Note

This section of the docs is only relevant if the data used as inputs during the PR build are inconsistent with the data used as inputs during the last production build. Please contact support@datafold.com if you’d like to learn more.

What is data drift in CI?

Datafold is used in CI to illuminate the impact of a pull request’s proposed code change by comparing two versions of the data and identifying differences.

Data drift in CI happens when those data differences occur due to changes in upstream data sources—not because of proposed code changes.

Data drift in CI adds “noise” to your CI testing analysis, making it tricky to tell if data differences are due to new code, or changes in the source data. Unless both versions rely on the same snapshot of upstream data, data drift can compromise your ability to see the true effect of the code changes.

Tip

dbt users should implement Slim CI in dbt Core or dbt Cloud to prevent most instances of data drift. Slim CI reduces build time and eliminates most instances of data drift because the CI build depends on upstreams in production due to state deferral. However, Slim CI will not completely eliminate data drift in CI, specifically in cases where the model being modified in the PR depends on a source. In those cases, we recommend building twice in CI.

Why prevent data drift in CI?

By eliminating data drift entirely, you can be confident that any differences detected in CI are driven only by your code, not unexpected data changes.

You can think of this as similar to a scientific experiment, where the control versus treatment groups ideally exist in identical baseline conditions, with the treatment as the only variable which would cause differential outcomes.

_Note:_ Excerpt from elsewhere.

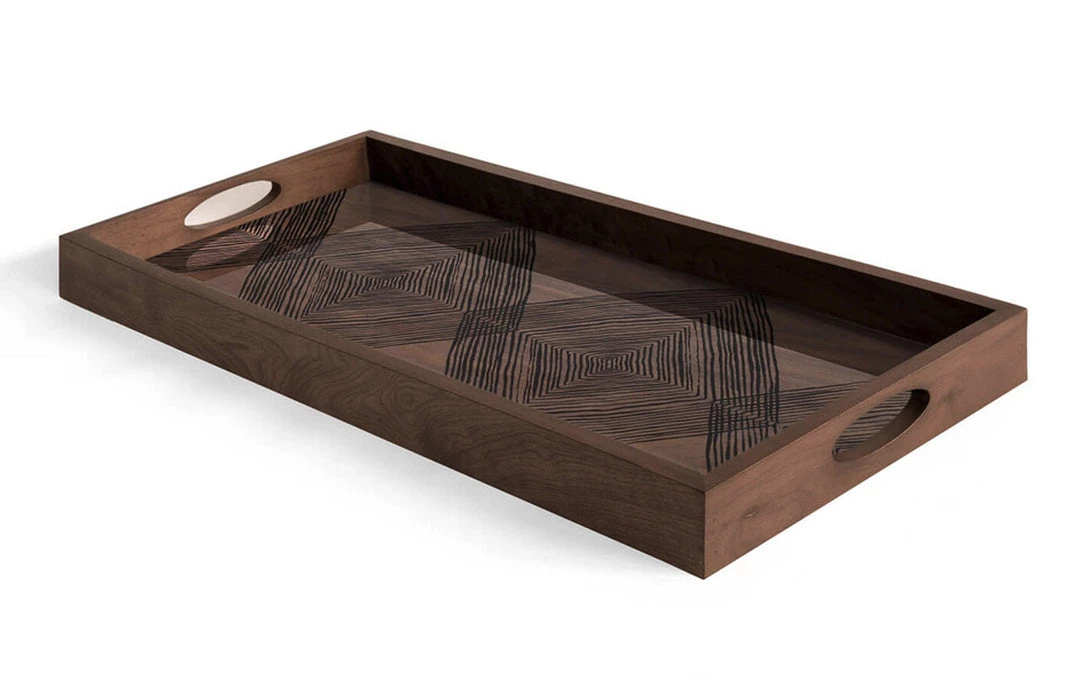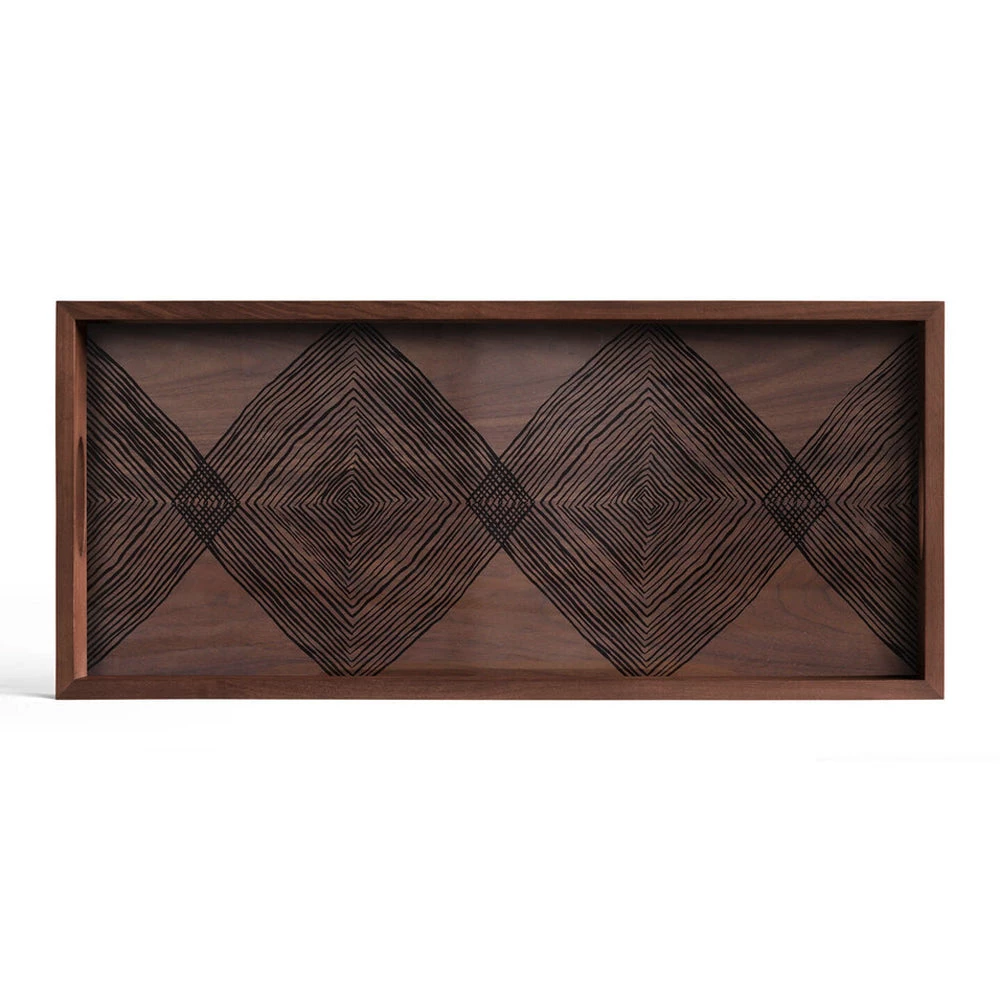 Ethnicraft Walnut Linear Squares Glass Rectangular Tray

In practice, many organizations do not completely eliminate data drift, and still derive value from automatic data diffing and analysis conducted by Datafold in CI, in spite of minor noise that does exist.

Handling data drift

We recommend two options for removing data drift to the greatest extent possible:

In both of these approaches, Datafold compares transformations of identical upstream data, so that any detected differences will be due to the code changes alone, ensuring an accurate comparison with no false positives.

By building two versions of the data in CI, you can ensure an “apples-to-apples” comparison that depends on the same version of upstream data.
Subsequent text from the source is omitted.